The problem: Leaving out the pictures, retype the lines from the top of the listing through the line with "Bi2Te3纳米薄片单电子晶" exactly.

Provided entries:
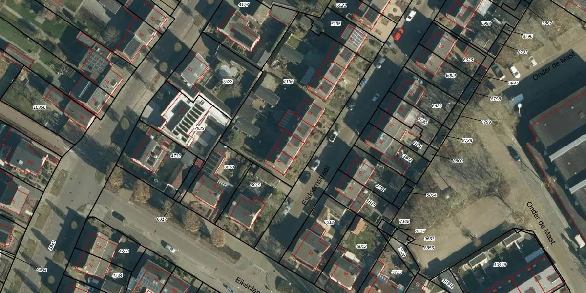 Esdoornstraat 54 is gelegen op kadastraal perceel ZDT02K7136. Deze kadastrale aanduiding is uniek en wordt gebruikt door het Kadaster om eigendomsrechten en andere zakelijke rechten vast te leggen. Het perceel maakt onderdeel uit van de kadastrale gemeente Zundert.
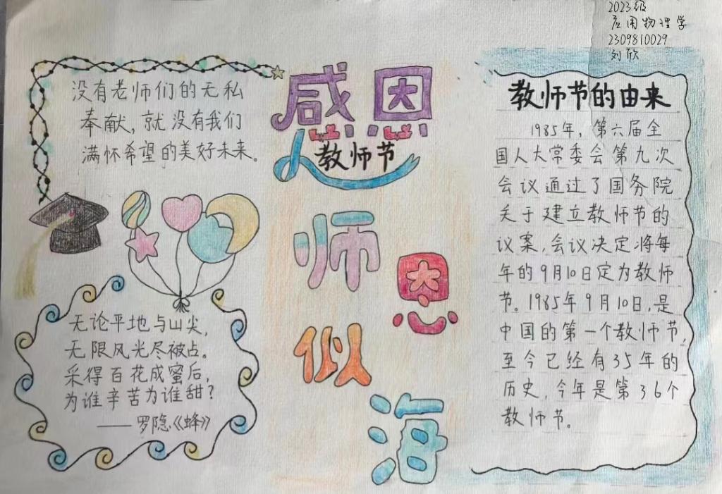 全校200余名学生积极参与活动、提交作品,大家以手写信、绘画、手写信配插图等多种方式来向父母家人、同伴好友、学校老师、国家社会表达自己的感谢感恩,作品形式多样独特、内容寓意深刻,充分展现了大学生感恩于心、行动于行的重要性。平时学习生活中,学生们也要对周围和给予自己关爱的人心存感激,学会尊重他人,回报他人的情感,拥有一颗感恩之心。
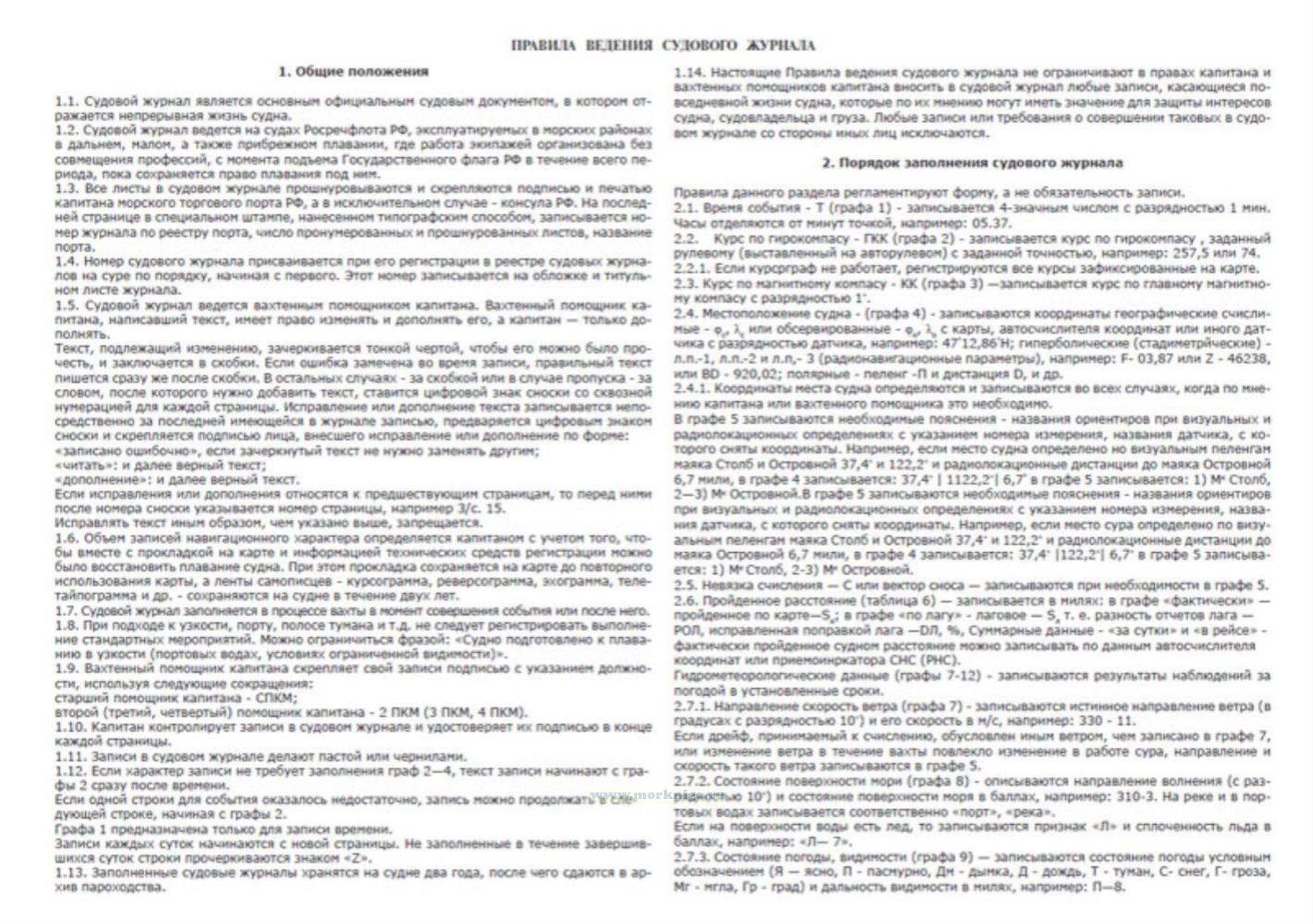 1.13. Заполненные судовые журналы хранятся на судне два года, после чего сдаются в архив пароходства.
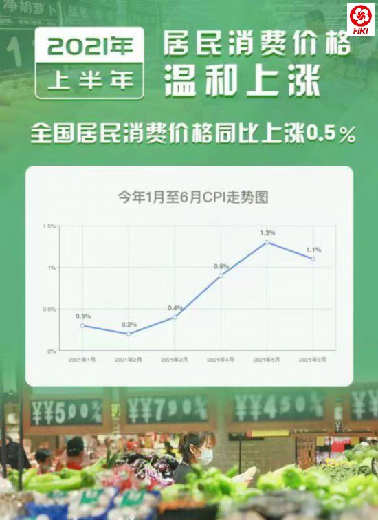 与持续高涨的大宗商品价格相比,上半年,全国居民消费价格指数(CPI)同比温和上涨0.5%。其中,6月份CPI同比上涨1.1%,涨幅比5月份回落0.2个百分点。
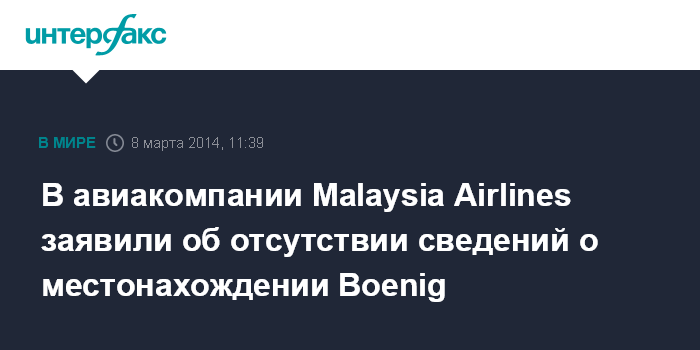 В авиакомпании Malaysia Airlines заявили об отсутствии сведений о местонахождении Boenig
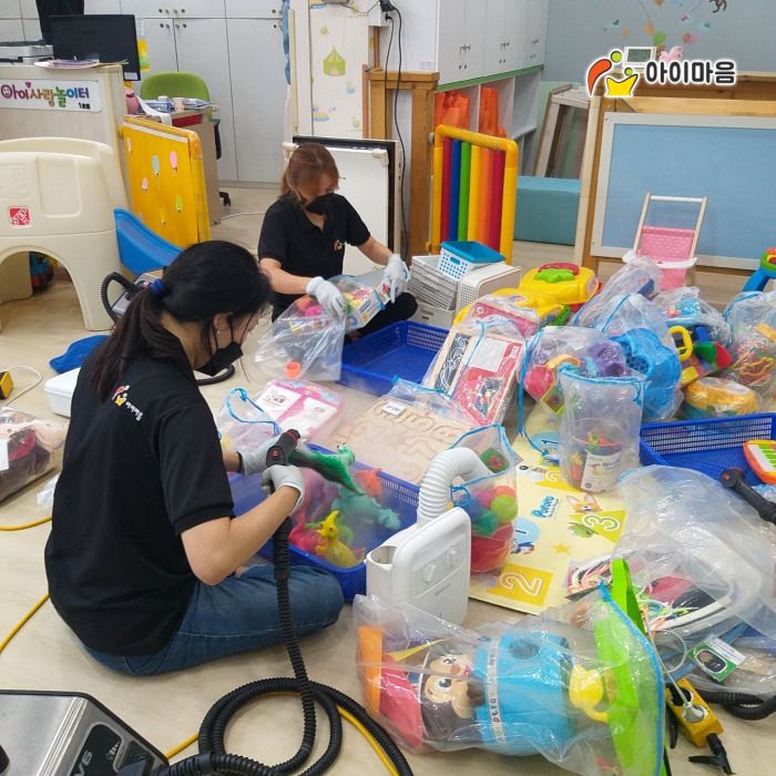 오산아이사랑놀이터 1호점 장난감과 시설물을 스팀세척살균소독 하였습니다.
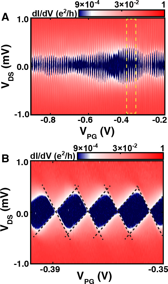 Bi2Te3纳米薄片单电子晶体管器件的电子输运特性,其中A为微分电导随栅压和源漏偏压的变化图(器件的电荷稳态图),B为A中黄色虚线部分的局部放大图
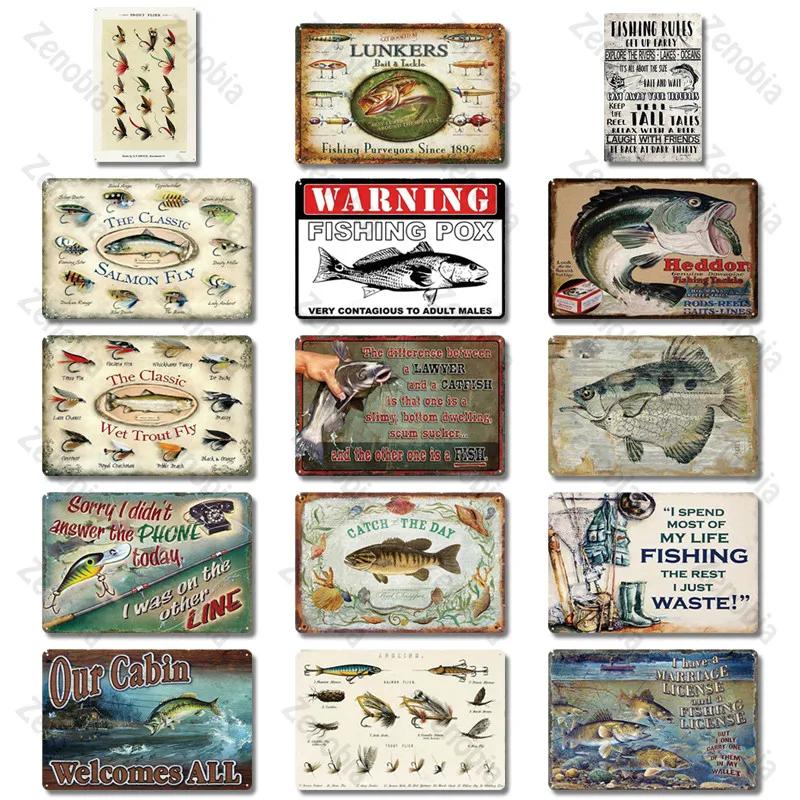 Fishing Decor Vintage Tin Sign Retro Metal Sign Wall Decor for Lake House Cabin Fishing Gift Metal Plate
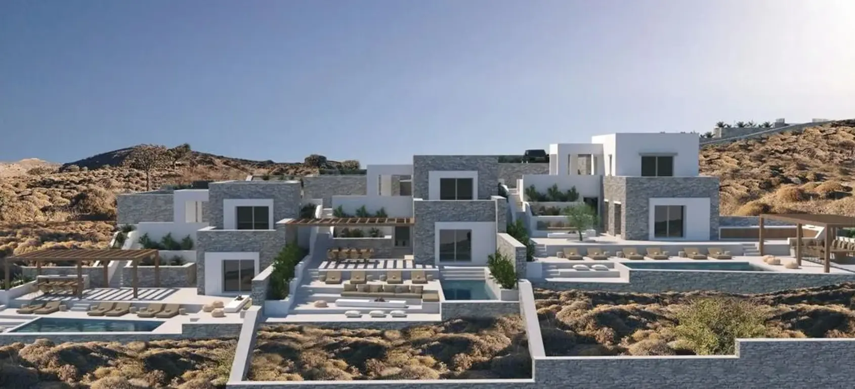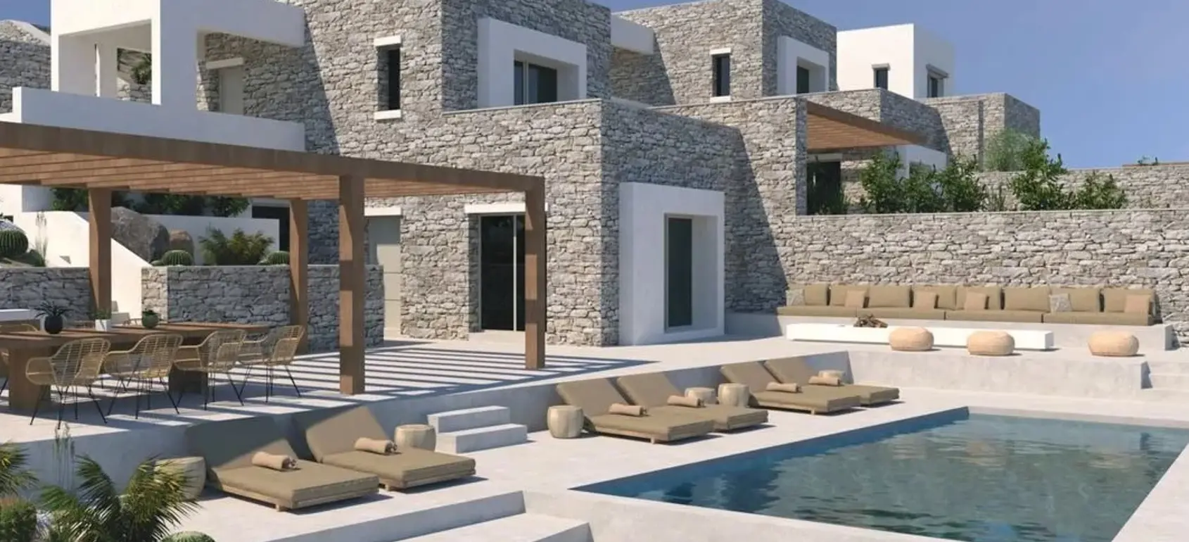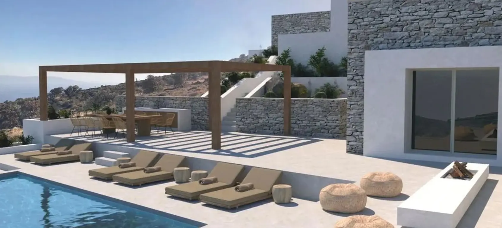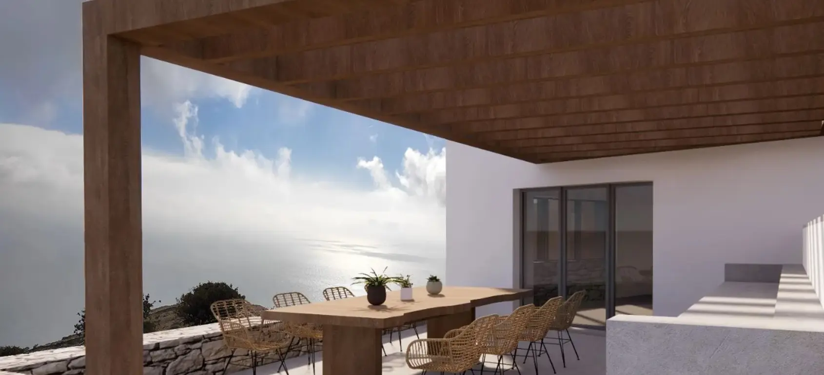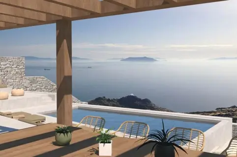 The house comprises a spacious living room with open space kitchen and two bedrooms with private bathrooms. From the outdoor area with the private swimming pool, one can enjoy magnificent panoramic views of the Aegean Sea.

Output for this exercise:
 Esdoornstraat 54 is gelegen op kadastraal perceel ZDT02K7136. Deze kadastrale aanduiding is uniek en wordt gebruikt door het Kadaster om eigendomsrechten en andere zakelijke rechten vast te leggen. Het perceel maakt onderdeel uit van de kadastrale gemeente Zundert.
 全校200余名学生积极参与活动、提交作品,大家以手写信、绘画、手写信配插图等多种方式来向父母家人、同伴好友、学校老师、国家社会表达自己的感谢感恩,作品形式多样独特、内容寓意深刻,充分展现了大学生感恩于心、行动于行的重要性。平时学习生活中,学生们也要对周围和给予自己关爱的人心存感激,学会尊重他人,回报他人的情感,拥有一颗感恩之心。
 1.13. Заполненные судовые журналы хранятся на судне два года, после чего сдаются в архив пароходства.
 与持续高涨的大宗商品价格相比,上半年,全国居民消费价格指数(CPI)同比温和上涨0.5%。其中,6月份CPI同比上涨1.1%,涨幅比5月份回落0.2个百分点。
 В авиакомпании Malaysia Airlines заявили об отсутствии сведений о местонахождении Boenig
 오산아이사랑놀이터 1호점 장난감과 시설물을 스팀세척살균소독 하였습니다.
 Bi2Te3纳米薄片单电子晶体管器件的电子输运特性,其中A为微分电导随栅压和源漏偏压的变化图(器件的电荷稳态图),B为A中黄色虚线部分的局部放大图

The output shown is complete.